=== RECORDS FOR PROCESSING ===
|---|

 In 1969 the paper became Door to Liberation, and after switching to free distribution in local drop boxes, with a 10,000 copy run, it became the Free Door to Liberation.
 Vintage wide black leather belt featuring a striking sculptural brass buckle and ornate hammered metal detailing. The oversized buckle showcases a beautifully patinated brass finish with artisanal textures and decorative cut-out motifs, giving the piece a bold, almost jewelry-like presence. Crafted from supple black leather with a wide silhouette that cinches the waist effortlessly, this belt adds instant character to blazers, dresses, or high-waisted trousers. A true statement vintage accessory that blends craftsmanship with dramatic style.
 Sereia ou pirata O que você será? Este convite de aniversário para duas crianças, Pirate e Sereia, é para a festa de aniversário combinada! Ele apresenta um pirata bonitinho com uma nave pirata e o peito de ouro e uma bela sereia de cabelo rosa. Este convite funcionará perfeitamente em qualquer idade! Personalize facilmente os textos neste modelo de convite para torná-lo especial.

|---|

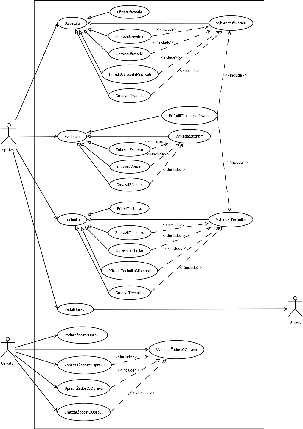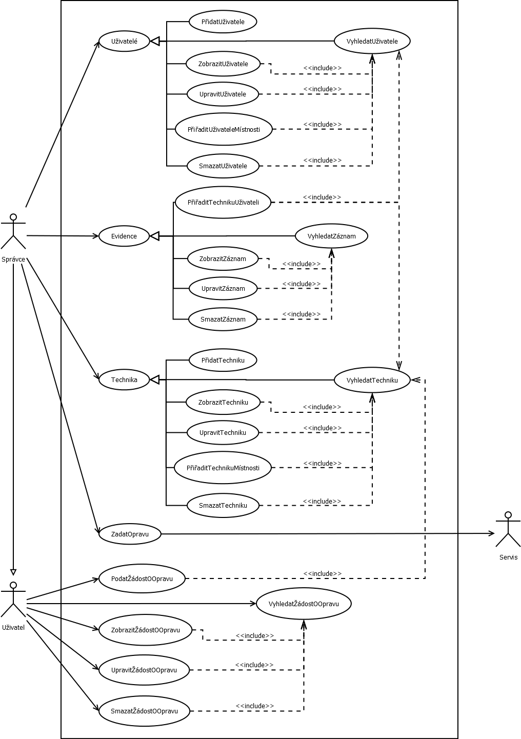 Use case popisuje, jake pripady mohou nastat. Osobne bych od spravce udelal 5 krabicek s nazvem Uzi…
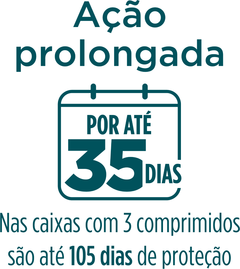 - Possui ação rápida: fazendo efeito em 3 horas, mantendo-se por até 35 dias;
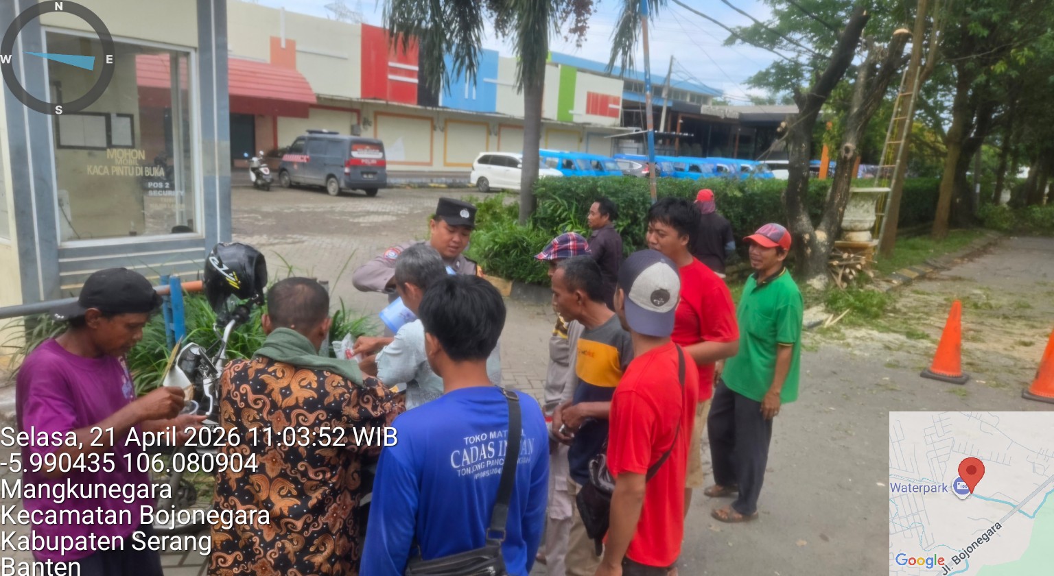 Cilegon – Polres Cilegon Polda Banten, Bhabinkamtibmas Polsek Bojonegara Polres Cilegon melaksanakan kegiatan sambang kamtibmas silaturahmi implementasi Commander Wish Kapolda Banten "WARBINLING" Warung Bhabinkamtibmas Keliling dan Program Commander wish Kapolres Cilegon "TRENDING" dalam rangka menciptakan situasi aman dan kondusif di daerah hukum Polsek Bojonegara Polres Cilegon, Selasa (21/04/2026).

|---|

=== WHAT THIS TASK INVOLVES ===
Write out exactly the lines that fall from the line with "In 1969 the" to the line with "Sereia ou pirata" in the records above, keeping both ends.

=== SOLUTION TO THE EXERCISE ===
 In 1969 the paper became Door to Liberation, and after switching to free distribution in local drop boxes, with a 10,000 copy run, it became the Free Door to Liberation.
 Vintage wide black leather belt featuring a striking sculptural brass buckle and ornate hammered metal detailing. The oversized buckle showcases a beautifully patinated brass finish with artisanal textures and decorative cut-out motifs, giving the piece a bold, almost jewelry-like presence. Crafted from supple black leather with a wide silhouette that cinches the waist effortlessly, this belt adds instant character to blazers, dresses, or high-waisted trousers. A true statement vintage accessory that blends craftsmanship with dramatic style.
 Sereia ou pirata O que você será? Este convite de aniversário para duas crianças, Pirate e Sereia, é para a festa de aniversário combinada! Ele apresenta um pirata bonitinho com uma nave pirata e o peito de ouro e uma bela sereia de cabelo rosa. Este convite funcionará perfeitamente em qualquer idade! Personalize facilmente os textos neste modelo de convite para torná-lo especial.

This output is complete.